Site icon Youth Ki Awaaz

‘Who Wants A Temple? Build IIT Or IIM On Babri Masjid Site’

Politically speaking, the last 30 years in India have been a roller-coaster ride. The fortunes of many political parties in India have drastically changed over the past three decades.

A party rose to power with a one-sided mandate in 2014 after having a measly two seats in 1984. On the other hand, another party which enjoyed an unprecedented mandate and had garnered 415 seats in the Lok Sabha elections in 1984, now finds itself with a meagre 44 seats.

They say that a lot can change in politics in a single day. However, the Ayodhya dispute is something that has not changed in its political intensity for 25 years now.

It is, has been and will always be in the news, and be used for political mileage.

It is significant that instead of solving this dispute, a party has fuelled this issue along lines of religion and risen to power in 2017. All the while, the other parties were wooing the people from socially and economically backward communities.

The writing on the wall, therefore, is that the Babri Masjid-Ram Mandir issue helped change the political fortunes of the Bharatiya Janata Party (BJP) in Uttar Pradesh in 2017.

People of my age could only listen to news regarding the dispute and its politics. We rarely ‘experienced’ it for ourselves. However, due to the ‘simulative’ effects of religion-based majoritarian politics, we may well experience what it was like for the people victimised by the dispute during the early 1990s.

Evidently, political thought processes in India haven’t changed as we are still fighting over age-old issues.

I am sure that some people from that era do want to ‘relive’ the experiences of the Babri Masjid-Ram Mandir dispute in the late 1980s and the 1990s, today. After all, the BJP did cash on these wishes to rise to power in UP this year.

In the last few days, the dispute has been in the news again, as if this was the only ‘developmental’ agenda and ‘electoral promise’ that required completion and fulfillment. The infants who had only heard of the beginnings of the dispute in the 1990s are now youths who may well experience this dispute, first-hand. At the core, however, everything else remains unchanged.
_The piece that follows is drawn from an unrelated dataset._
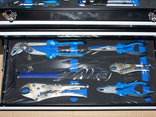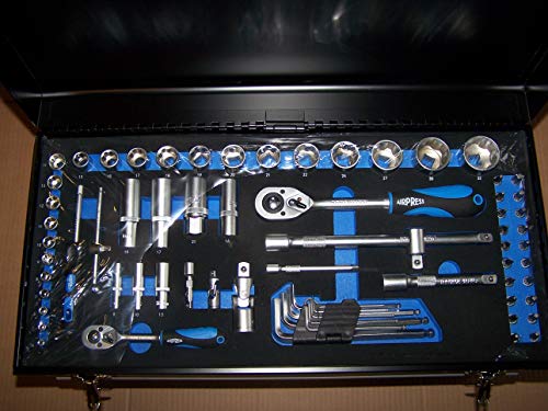 Werkzeugkoffer Original AIRPRESS Mit Hilfe von 3 gesicherten und kugelgelagerten Werkzeugschubladen und 1 großem Fach bedröppelt dem oberen Deckel. Der Koffer kann Mit Hilfe von separaten Schlössern dicht werden. Mit Hilfe von seitlichen Handgriffen Incl. 98 Teile hochwertiges Werkzeug. Das Werkzeug ist sortiert in passender 2-farbiger Weichgummi Polsterung untergebracht. Da klappert nichts! Oberes Fach ( Mit Hilfe von Deckel ) ◦Inbuschlüsselsatz im eigenen Halter Mit Hilfe von rundem Ergebnis am langen Knauf: ◾H1,5 ◾H2 ◾H2,5 ◾H3 ◾H4 ◾H5 ◾H6 ◾H8 ◾H10 ◦Umschaltknarre 1/2″ Mit Hilfe von 72 Zähnen, Länge 255mm ◦Nüsse, normale Länge (12 Bruchstück) ◾SW13 ◾SW15 ◾SW17 ◾SW18 ◾SW19 ◾SW20 ◾SW21 ◾SW22 ◾SW24 ◾SW27 ◾SW30 ◾SW32 ◾Lange Nüsse (80mm)◾SW17 ◾SW19 ◾Zündkerzenschlüssel◾SW16 ◾SW21 ◾Kreuzgelenk ◾Verlängerung 125mm ◾Verlängerung/Knebel 250mm ◦Umschaltknarre 1/4″ Mit Hilfe von 72 Zähnen, Länge 155mm ◦Nüsse, normale Länge (11 Bruchstück): ◾SW4 ◾SW5 ◾SW6 ◾SW7 ◾SW8 ◾SW9 ◾SW10 ◾SW11 ◾SW12 ◾SW13 ◾SW14 ◦Lange Nüsse (50mm) ◾SW8 ◾SW10 ◾SW13 ◦Torx◾T8 ◾T10 ◾T15 ◾T20 ◾T25 ◾T27 ◾T30 ◾T40 ◦PH (Philips Kreuzschlitz) ◾PH1 ◾PH2 ◾PH3 ◦PZ (Pozidrive Kreuzschlitz) ◾PZ1 ◾PZ2 ◾PZ3 ◦Innensechskant (Hex, Inbus) ◾H3 ◾H4 ◾H5 ◾H6 ◦Schlitzschraube ◾SL4 ◾SL5,5 ◦Verlängerung 50mm ◦Verlängerung 100mm ◦Knebel 110mm ◦Kreuzgelenk ◦Haltegriff 165mm In der oberen Schublade sind 10 verschiedene Schraubendreher: ◦Kreuzschlitz ◾1 x kurz (Knubbel) 6×38 ◾3×75 ◾5×100 ◾6×100 ◾6×150 ◦Schlitz ◾1 x kurz (Knubbel) 6×38 ◾3×75 ◾4×100 ◾5×100 ◾6×150 In der mittleren Schublade sind 12 Maul-Ringschlüssel (Ringschlüssel Mit Hilfe von Ratschenfunktion) ◦SW8 ◦SW9 ◦SW10 ◦SW11 ◦SW12 ◦SW13 ◦SW14 ◦SW15 ◦SW16 ◦SW17 ◦SW18 ◦SW19 In der unteren Schublade sind sonstige 6 Werkzeuge: ◦1 x Grip-Zange 200mm ◦1 x Grip-Zange 130mm ◦1 x Kombi-Zange ◦1 x Spitz-Zange ◦1 x Wasserpumpenzange ◦1 x Hammer. Gesamtgewicht ca 19KG Ideal sondern den Heimwerker, Mechaniker und Hausmeister

As a society, are we moving back to those times when citizens were uniformly threatened and oppressed? Moreover, is everything being reduced to the level of political gimmickry?
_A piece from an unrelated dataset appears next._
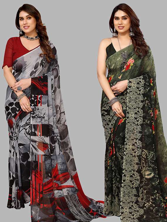 pack of 2 casual wear sarees with blouse - 21446061 - Very Small Image - 1

After all, do we intend to go backwards and still fulfill all our individual wants, as well as the nation’s wants?

The Babri Masjid was supposedly constructed in the 16th century (some sources suggesting that it may have been earlier). The British administration recognised the tension between Hindus and Muslims, built a fence around the site and demarcated the spaces for Hindu and Muslim worship. This policy of appeasing both sides by ‘dividing and ruling’ continued for a long time.

The issue explicitly turned on its head in the 1980s, when claims of building a ‘Ram Mandir’ started to emerge. Thereafter, the policy no longer aimed at appeasing the sides concerned – rather, it divided the communities by asserting the power of one community over the other. Now, this issue has been reduced to a matter of ego and pride for both communities.

To my belief, one goes to a religious place to attain peace and be purified, by expressing one’s love of god. This, in turn, strengthens one’s relationship with god.

But, how can either peace or purification be attained on a site stained with hatred, riots and the blood of numerous people?

I wonder – what will be achieved by naming it either as a site for a ‘temple’ or a ‘mosque’?

Why can’t the site be allocated for a quality hospital instead, where people irrespective of caste, religion, race, will be treated and be able to afford quality health service?

For that matter, why can’t it be allocated for quality educational institutions (like IITs and IIMs) either, which will impart knowledge to students from all sections of the society?

Wouldn’t these efforts be true services to the country and to god?

At a time when the world is looking up to India as a global powerhouse, we need to rise above century-old disputes and feuds. We need to significantly broaden our outlook for this purpose. At the same time, we should stay true to our roots and secure our cultures – but not by staining ourselves with the blood of people from other communities!

To sum up, I would like to quote Muhammad Iqbal:

“Sare jahan se accha hindostan hamara/ Hum bulbulain hai iss ki, yeh gulsitan hamara” 

“Ghurbat men hon agar ham, rahta hai dil vatan men/ Samjho vahin hamen bhi, dil hain jahan hamara” 

“Mazhab nahin sikhata apas men bayr rakhna/ Hindi hai ham, vatan hai hindostan hamara”

We must not let the ghosts of our past haunt us in our present! We must not let the divide widen further. We must unite and work for progress – this time, without masks!